Job’s earlier place of escape was the darkness. Job asked God to let him experience a few days of peace before descending into it (10:21-22). In 30:28 we have references to darkness but with different language. The language is difficult to translate than we would like, though the meaning is fairly clear. Verse 28 says: 

 

    “I go about in the dark/in mourning/in black (clothes) (qadar) with no sun; I stand up in the                   assembly and cry for help (shava).”

 

Though the first half of the verse is hard to render, the really exceptional thought is in the second. What does it mean that Job stands up (the common qum) in the assembly (the common qahal) and “cries out” (shava, 21x/8x Job)? Twice previously Job has used shava to describe how he cried to God with no answer (19:7; 30:20). He cries here a third time. But note that it appears Job is describing his present reality. He may have retreated to the ash heap, he may be facing humiliation from people whose fathers he wouldn’t even hire as watchers of his flock, but he keeps standing up in the assembly and shouting out.
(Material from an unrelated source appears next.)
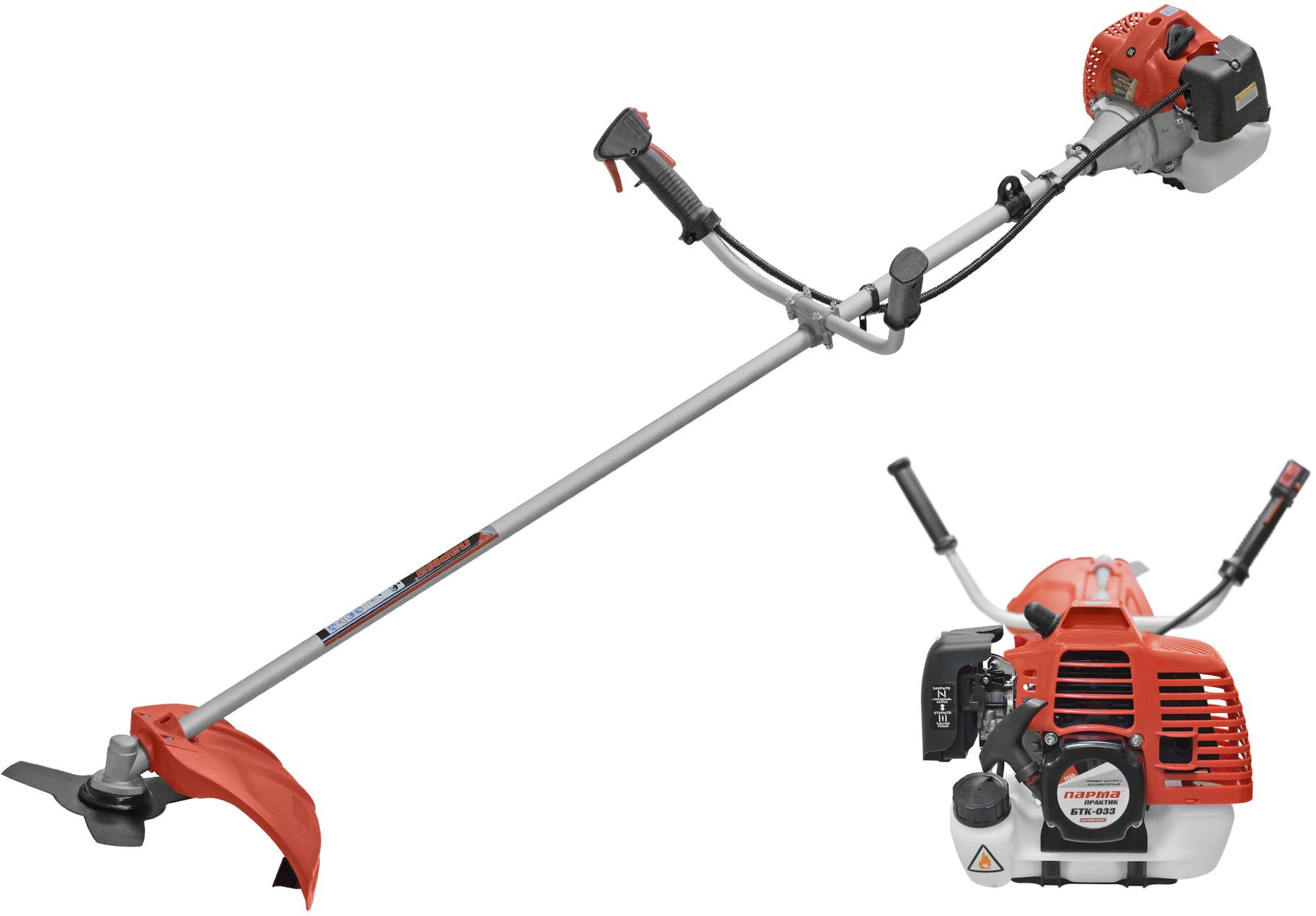 Легкий доступ к воздушному фильтру. Удобное управление, вынесенное на рукоятку. Наплечный ремень в комплекте. Трехлопастной нож в комплекте. Сменный режущий инструмент. Хромированный цилиндр.

The really sad picture of Job we get through all this is that Job is trying to maintain his piety; trying to keep up his loyalty to God; showing up for weekly services with the assembled faithful even as God continues the stony divine silence.

 

This doesn’t give us the key to understanding the difficult first part of verse 28 but we relax a bit because we now “see” Job clearly. He goes about qadar (the actual form is qoder, the present participle). Qadar (17x) is usually translated as “grow dark” (Joel 2:10; 3:15) or “to be in a dark mood/mourn” (Jeremiah 8:21; Ezekiel 31:15). Because he has just descended into the darkness two verses previously (30:26), a “darkness” translation here is alluring. But the overall tone of the passage is one of deep grief; thus a “mourning” translation also seems fitting. Clines rejects both to adopt a similar reading to Psalm 38:7, where going about this way means one is wearing the dark garments of a mourner.  We have three strong translation possibilities, and one might even be tempted to follow Yogi Berra’s advice when coming to a fork in the road: take it—i.e., adopt all three translations! Giving further support, however, to the notion of going about in darkness is the fact that the next words are “with no heat/sun” (chammah, 6x). Chammah is normally rendered “sun,” but can be translated as “heat” in Psalm 19:6, where nothing is hid from the “heat” of the divine light.  

 

By the close of verse 28, then, we have the sad picture of Job standing up, perhaps extending his arms, in the congregation of the faithful, empty, mourning, in his own personal darkness. We mourn with Job even as we secretly delight because he is now firing on all verbal cylinders.